Pude notar también que hay estacas que cuentan con cientos, con miles de jovencitos, que pese a tener la edad requerida, no han sido avanzados al oficio de maestro; y otros tantos, casi en edad de salir como misioneros, que todavía no han sido avanzados al oficio de presbítero. ¿En qué estamos pensando hermanos, cuando permitimos que sucedan tales cosas? Sería prudente que todo padre aquí presente regresara a su hogar después de esta reunión e hiciera un registro de las fechas en que su hijo será elegible para recibir el oficio de diácono, luego el de maestro y después el de presbítero, para más tarde ser llamado como misionero. Entonces, si alguna de esas posibles fechas han quedado atrás sin que haya habido ningún resultado positivo, tendréis un punto de referencia para saber en qué habéis fracasado.
A lo largo de mi vida he conocido cientos de jóvenes que llegaron a adultos sin haber tenido estas oportunidades. Lo más lamentable es que al conocer a los padres de estos jóvenes, no queda ninguna duda de por qué no llegaron a recibir tales bendiciones.
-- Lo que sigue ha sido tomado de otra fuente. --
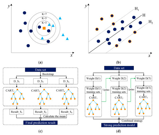 Common machine learning (ML) algorithms: (a) K-nearest neighbors (KNN); (b) support vector regression (SVR); (c) random forest (RF); (d) adaptive boosting (AdaBoost).
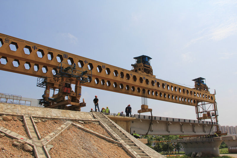 在新港江北鐵路繞城特大橋頭,這里艷陽高照,三十多名施工人員奮戰(zhàn)于此,工地上一派繁忙景象。據(jù)施工現(xiàn)場負責(zé)人趙建平介紹,首片T梁從制作到養(yǎng)護完成共需要10天,端午節(jié)前就做好了各項準備工作,節(jié)后一開工,他們便立即投入到了緊張施工之中,本次T梁架設(shè)架設(shè)僅用時50分鐘,整個起吊、推送、橫移、落梁、就位動作一氣呵成,工序銜接順利,歸功于前期項目部的精心組織,細心安排,才保證了架設(shè)全過程安全、平穩(wěn)、有序、可控。
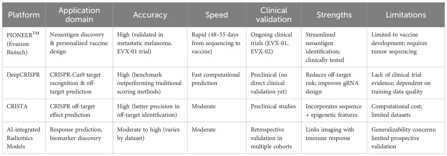 (Table 2) provides a comparative overview of representative AI platforms, highlighting differences in accuracy, speed, and clinical validation, which may guide their application in cancer immunotherapy.
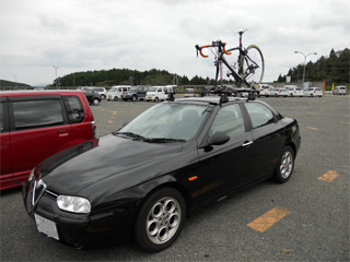 AM5:30起床した私。 準備を済ませて、Alfa156にKHARMAを積載。 少々肌寒い時間帯でしたが、気持ちよかった♪ |

Sus padres se preocupaban de hacer dinero y de rodearse de bienes materiales, mientras los hijos crecían sin cuidado espiritual, o sea, sin la debida capacitación, y aún más, sin la experiencia necesaria.
El obispo es también responsable; él cuenta con dos valiosos consejeros y puede obtener la ayuda de muchas otras personas si fuere necesario, a fin de estar al tanto de la condición de los jóvenes; y ver que éstos reciban las debidas oportunidades en el momento apropiado.
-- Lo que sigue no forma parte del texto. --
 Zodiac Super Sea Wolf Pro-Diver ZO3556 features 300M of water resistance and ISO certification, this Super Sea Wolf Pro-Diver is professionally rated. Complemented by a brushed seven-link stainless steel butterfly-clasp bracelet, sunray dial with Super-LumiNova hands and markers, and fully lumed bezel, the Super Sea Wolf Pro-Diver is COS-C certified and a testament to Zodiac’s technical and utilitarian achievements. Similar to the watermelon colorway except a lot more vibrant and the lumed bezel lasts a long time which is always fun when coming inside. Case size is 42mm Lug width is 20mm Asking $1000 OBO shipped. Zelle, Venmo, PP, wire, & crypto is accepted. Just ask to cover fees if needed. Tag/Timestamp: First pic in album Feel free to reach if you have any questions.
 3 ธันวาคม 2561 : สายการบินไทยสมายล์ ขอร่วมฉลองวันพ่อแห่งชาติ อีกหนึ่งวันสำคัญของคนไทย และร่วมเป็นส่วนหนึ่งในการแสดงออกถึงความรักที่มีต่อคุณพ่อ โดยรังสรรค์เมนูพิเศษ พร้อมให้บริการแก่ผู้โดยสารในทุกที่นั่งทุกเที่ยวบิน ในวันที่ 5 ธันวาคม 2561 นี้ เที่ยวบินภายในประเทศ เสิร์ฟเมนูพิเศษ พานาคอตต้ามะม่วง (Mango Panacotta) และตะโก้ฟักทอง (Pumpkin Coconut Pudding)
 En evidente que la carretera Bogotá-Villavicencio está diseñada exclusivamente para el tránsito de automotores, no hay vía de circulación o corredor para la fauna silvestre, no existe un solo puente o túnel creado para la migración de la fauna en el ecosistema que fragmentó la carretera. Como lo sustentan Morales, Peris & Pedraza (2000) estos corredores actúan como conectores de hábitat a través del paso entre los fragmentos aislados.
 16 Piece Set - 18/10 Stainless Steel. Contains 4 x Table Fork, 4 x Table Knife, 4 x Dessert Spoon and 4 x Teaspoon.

Por su parte, la presidencia de la estaca también tiene su cuota de responsabilidad, puesto que sigue de cerca el progreso de los jóvenes mediante las actividades de los barrios.
Por último, el representante regional tiene también responsabilidad en el asunto, al estar encargado de velar por toda estaca, todo barrio y toda familia que esté dentro de su jurisdicción. De esta manera, si todas las personas responsables hacen su parte, la obra se verá coronada por el éxito.
Suponed que el Salvador viniera hoy, ¿habría padres inquietos y apurados tratando de que sus hijos fueran ordenados al debido oficio del Sacerdocio antes de que el Salvador los entrevistara? Del mismo modo deberían estar inquietos y preocupados si fuera el representante regional o el obispo quien los llamara.
Conocí en una oportunidad a un hombre a quien se le pidió que hablara en una reunión sacramental. Cuando lo hizo, empezó con estas palabras: “Han transcurrido ya 21 años desde el día en que regresé de mi misión y ésta es la primera oportunidad que se me da de hablar frente a una congregación”. No quisiera afirmar que el obispo tenía toda la culpa de que este hermano no hubiera tenido una oportunidad antes; mas tampoco quisiera estar en el lugar de un obispo que pasa por alto a algunos de los miembros de su barrio, al punto de despreocuparse casi absolutamente de ellos.
El obispo tiene la responsabilidad velar por su barrio; por todo hombre, mujeres jovencito y niño; tiene que asegurarse de que reine la hermandad entre los miembros y de que aquellos que son nuevos en el barrio reciban la debida bienvenida.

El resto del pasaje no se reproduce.